35 USC 102(a)(2): another inventor
“A person shall be entitled to a patent unless — the claimed invention was described in a patent issued under section 151, or in an application for patent published or deemed published under section 122(b), in which the patent or application, as the case may be, names another inventor and was effectively filed before the effective filing date of the claimed invention.”
The AIA defines an “inventor” as:
- The individual or the individuals who invented or discovered the subject matter of a patent application
The AIA also defines “joint inventor” and “co-inventor” as
- Any of the individuals who invented or discovered the subject matter of a joint invention
Inventive entities: On a patent application, both inventor and joint inventors are considered “inventive entities”
“A person shall be entitled to a patent unless — the claimed invention was described in a patent issued under section 151, or in an application for patent published or deemed published under section 122(b), in which the patent or application, as the case may be, names another inventor and was effectively filed before the effective filing date of the claimed invention.”

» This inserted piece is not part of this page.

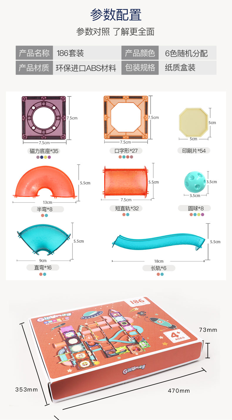 Giromag新品2021磁力轨道80pcs/110pcs套装/186pcs套装
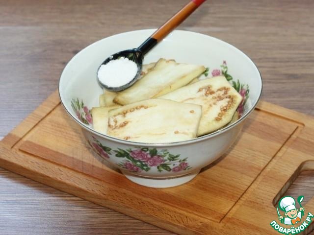 2. Овощи очищаем. Кабачок и баклажан нарезаем тонкими дольками. Баклажан пересыпаем солью и оставляем на 10 минут. Затем промываем и обсушиваем бумажным полотенцем.

- SO, in summary (thus far): The following documents would be considered as prior art:
- An already-published patent or application that describes your claimed invention (which is in an application under examination (or a patent under reexamination)
- Documents which list inventors filed prior to the patent application, and there is a difference between the inventors listed on the previous documents and the application under examination.
- The second point often comes into play with Joint inventions
- Only one inventor listed on the previous document needs to be different in order to qualify that document as prior art
- All the other inventors could be identical/the same. Just one difference, and it makes that document prior art.